The electoral space remains closed without guarantees or international observation, and restrictive laws threaten to eliminate the possibilities of political competition for any candidate or party that threatens his power.


Across the street, the two opposition blocs -Citizen’s Alliance and National Coalition-, compete to channel the national discontent and the aspirations for change of the blue and white political majority, but they remain divided.

Contrary to the rhetoric that promises an inclusive alliance, there is not the slightest electoral agreement to run on a single ticket with a single candidate. There’s not even a plan to fight for unity in action to confront the police state and demand electoral reform.

Certainly, in the failure of these last months there is a shared responsibility of the leadership of both platforms, but the next hours will be crucial to determine the political will and obstacles to achieve opposition unity.

The main reason why an opposition electoral alliance has not been formed until today is because of the CxL party’s refusal to negotiate with the National Coalition and its veto, based  on supposedly ideological reasons, towards the groups that make up the Blue and White National Unity.

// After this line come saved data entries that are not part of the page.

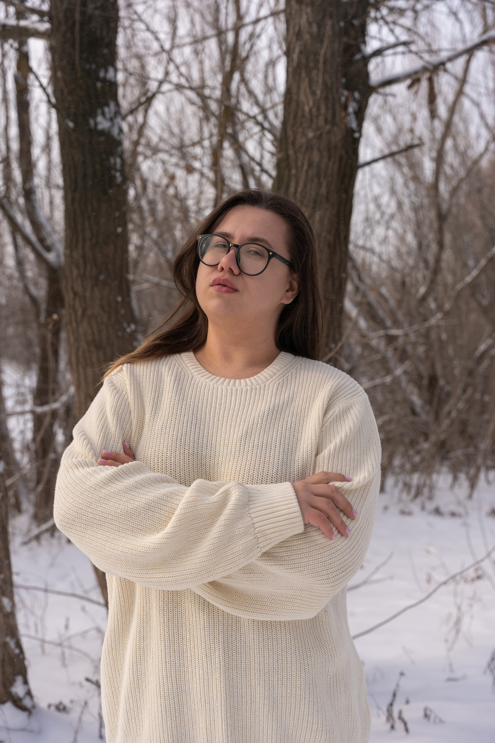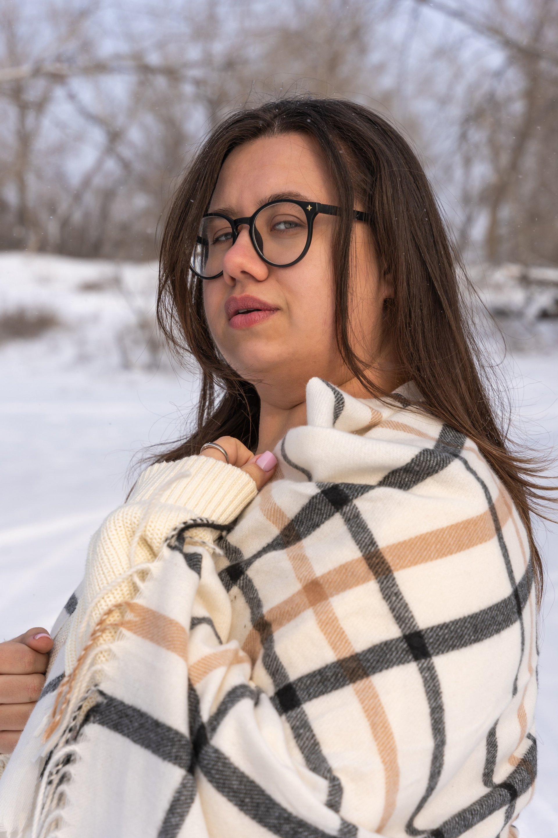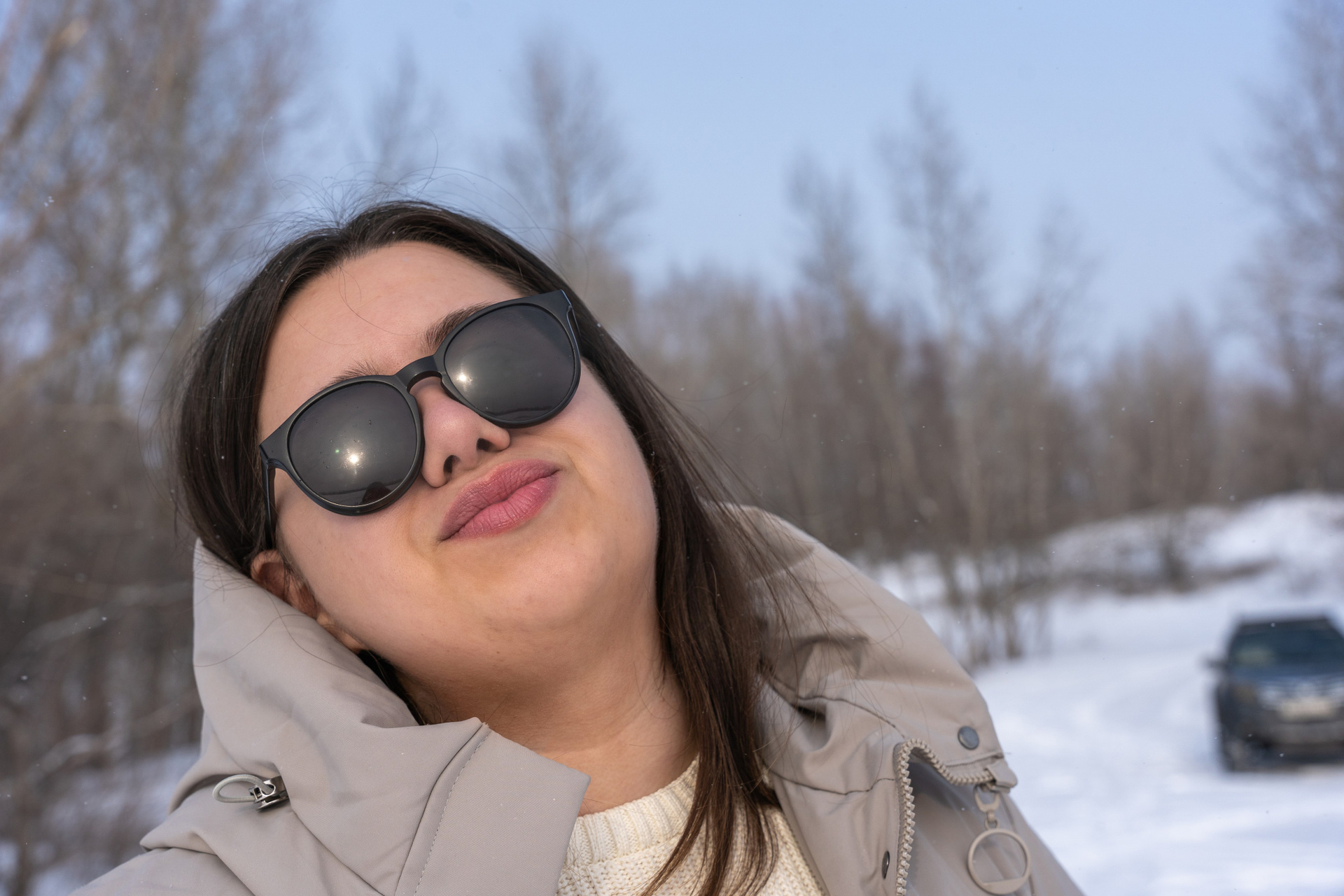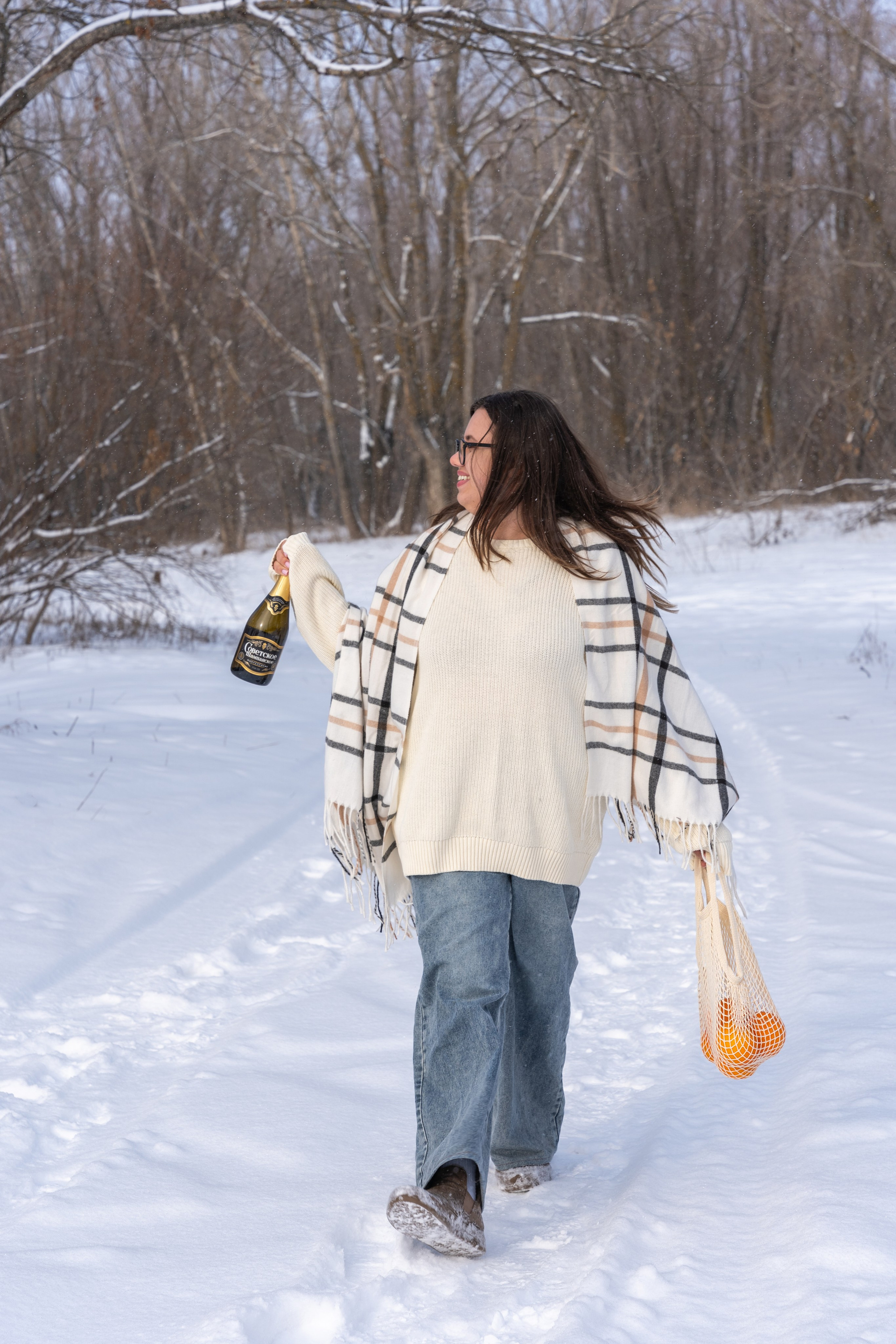 Мы снимали два образа в живописной зимней локации, где снег и деревья создавали волшебную атмосферу. Чтобы не замерзнуть, каждые 10 минут мы грелись в машине, но это не помешало нам получить много красивых и искренних кадров.
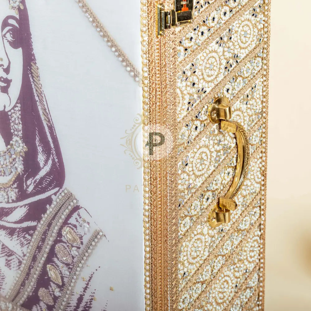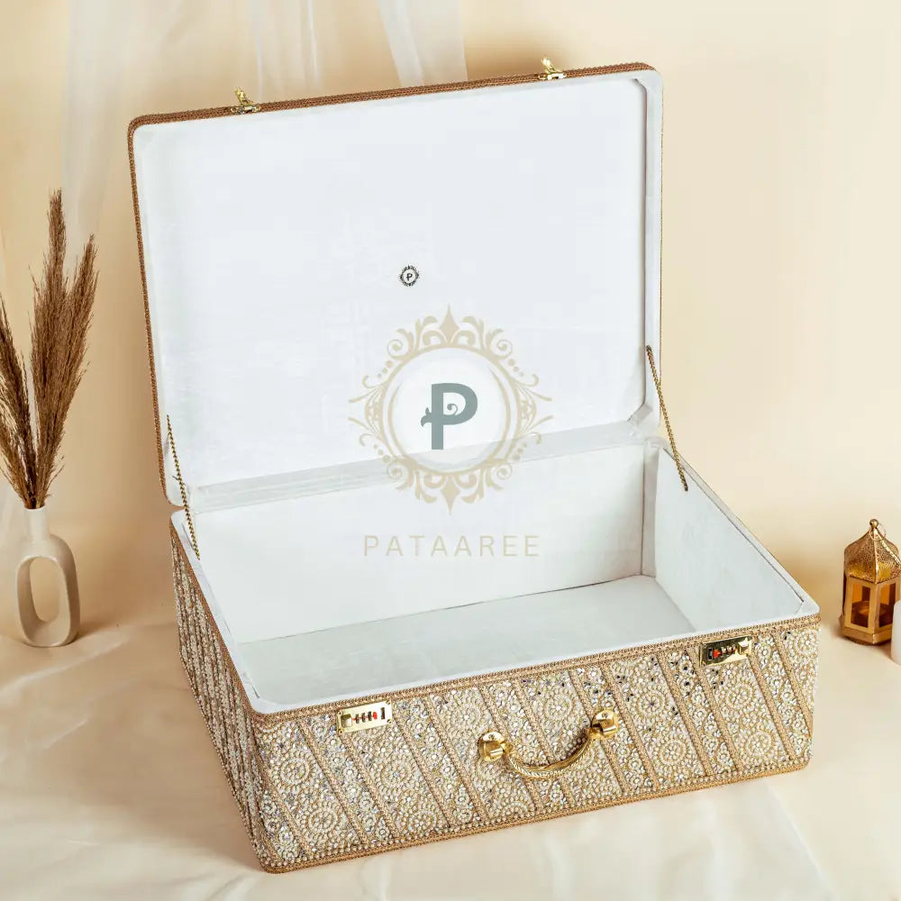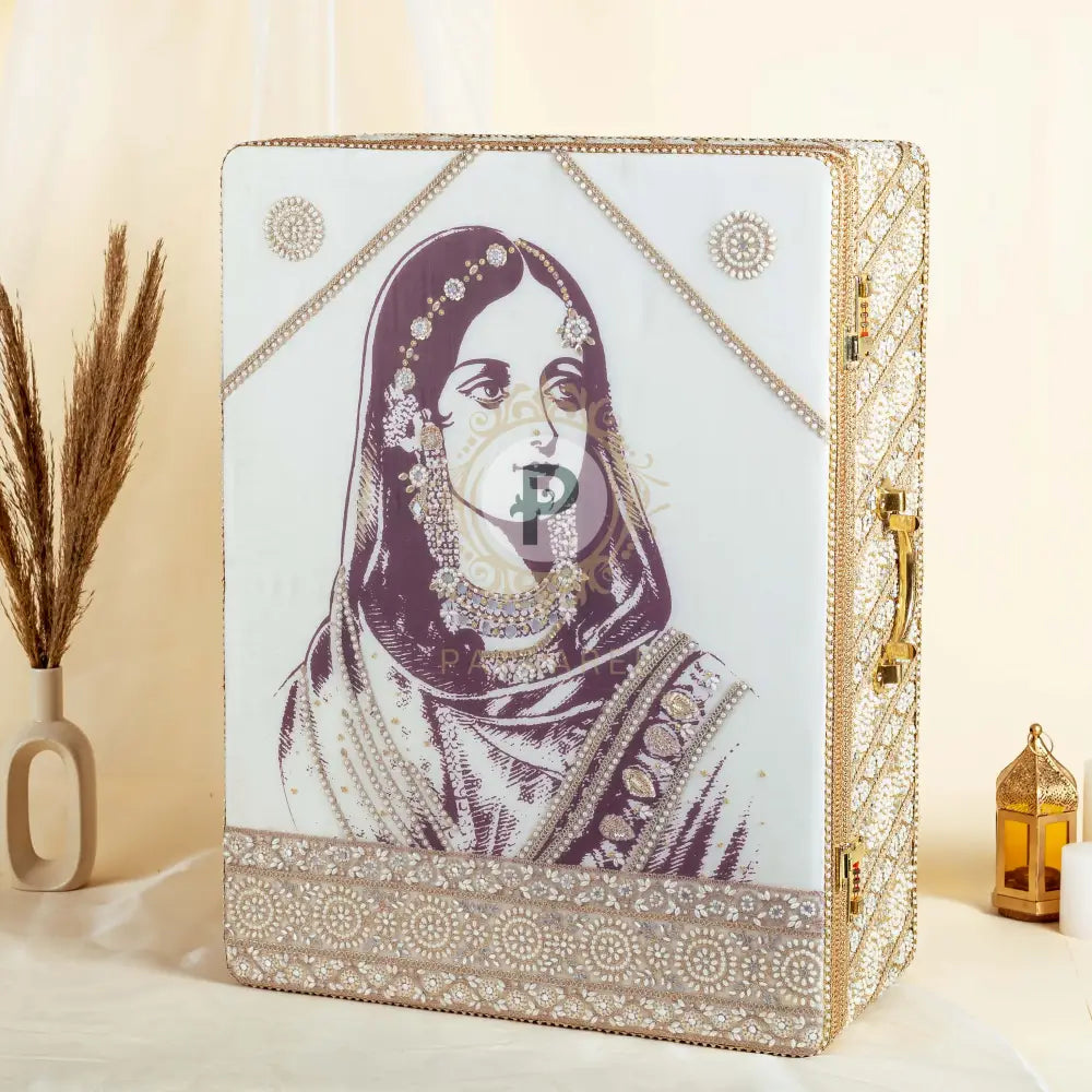 The Zehra collection is an ode to the Maharani in you, and our exclusive and exquisite handcrafted signature Zehra Maharani trunk is just the heirloom piece a bride should have to carry her porecious memories in. The detailing of pearls, mirror and beads on the trunk, modern locks to keep your treasures safe, velvet ivory colored fabric lining, the Maharani screen printed on it catapults Zehra Maharani the trunk to a luxurious status.
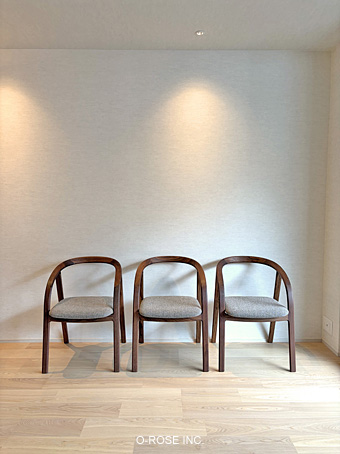 No.42チェアとHandyチェアの張地は、オー・ローズ ファニチャーの特注COM(カスタマー・オウン・マテリアル)のO-ROSEビニール(ガルグレー)で、daenチェアと一番奥にあるNo.42チェアの張地は宮崎椅子のEランクのHallingdal65-220(ベージュ/ホワイト)です。
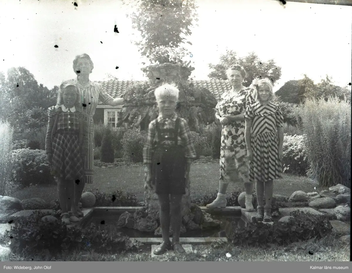 Kvinnor och barn i Widebergs trädgård.
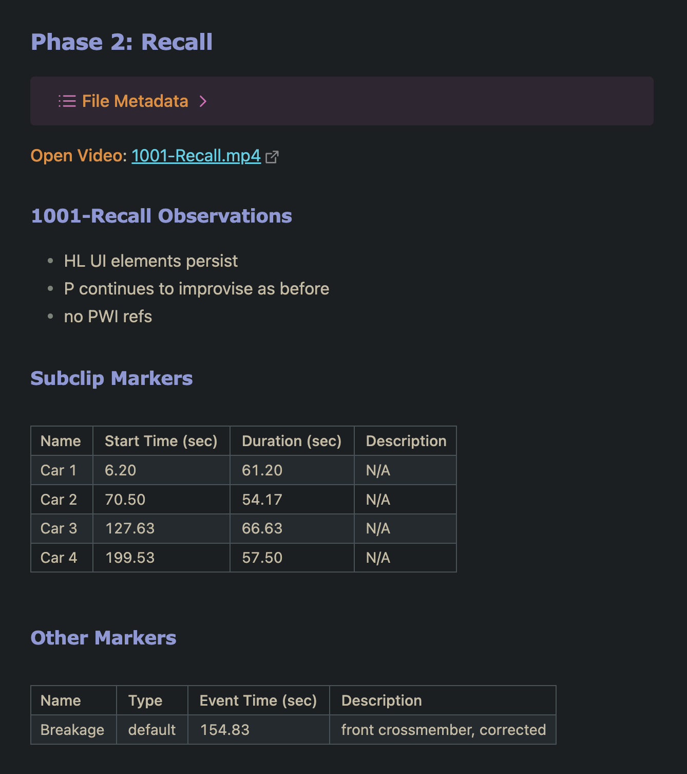 - Times is the final version of the data extracted from video annotations, including child events, with event type and category.
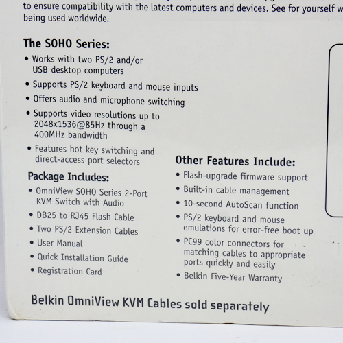 BELKIN OmniView SOHO F1DS102U KVM Switch Audio PS/2 USB VGA 2-port PC Mac Linux
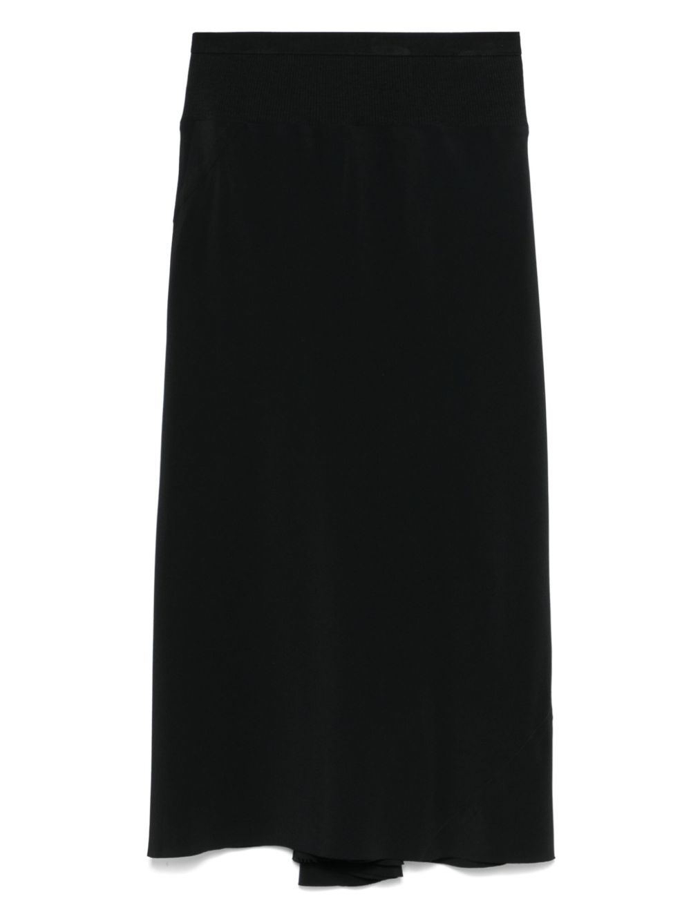 cotton-silk blend skirt Highlights - Black - Elasticated waistband - Ribbed detailing - Asymmetric hem - Mid-length Made in Italy Composition Cotton 65%, Acetate 64%, Silk 36%, Polyamide 35% SIZE & FIT Model measurements Height 5 ft 10 in(1.79 m) Bust/Chest 33.07 in(84 cm) Hips 35.82 in(91 cm) Waist 24.01 in(61 cm) FittingInformation This midi-length skirt is intended to be worn just below the waist The elasticated waist allows for a comfortable fit Made from a midweight non-stretch fabric
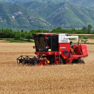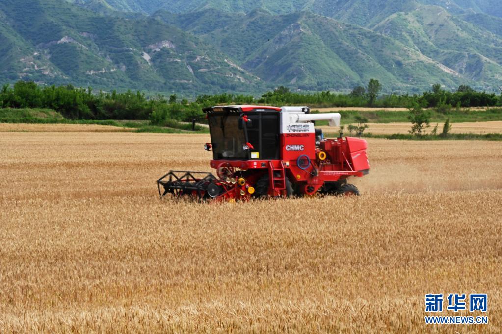 5月22日,收割机在运城市盐湖区银张村的麦田里作业。

With the deadline for the registration of electoral alliances running out, CxL continues to cling to its strategy of winning over some members of the Coalition, in particular the Peasant Movement, which it considers a “liberal group,” while the Coalition tries to promote a political agreement of equals between two forces whose respective support remains untested.

Ironically, they all agree that to get rid of the dictatorship a new democratic transition is necessary. What separates them is not the method of electing the presidential candidate, nor even the selection of the CxL ticket as an electoral vehicle, but the choice of the candidates for the legislature, monopolized by the party that owns the ballot position.

The outcome of this disagreement between the new and old political forces that emerged from the April Rebellion could lead to the registration, separately, of two opposition forces and not of an electoral alliance as the citizenry loudly demands.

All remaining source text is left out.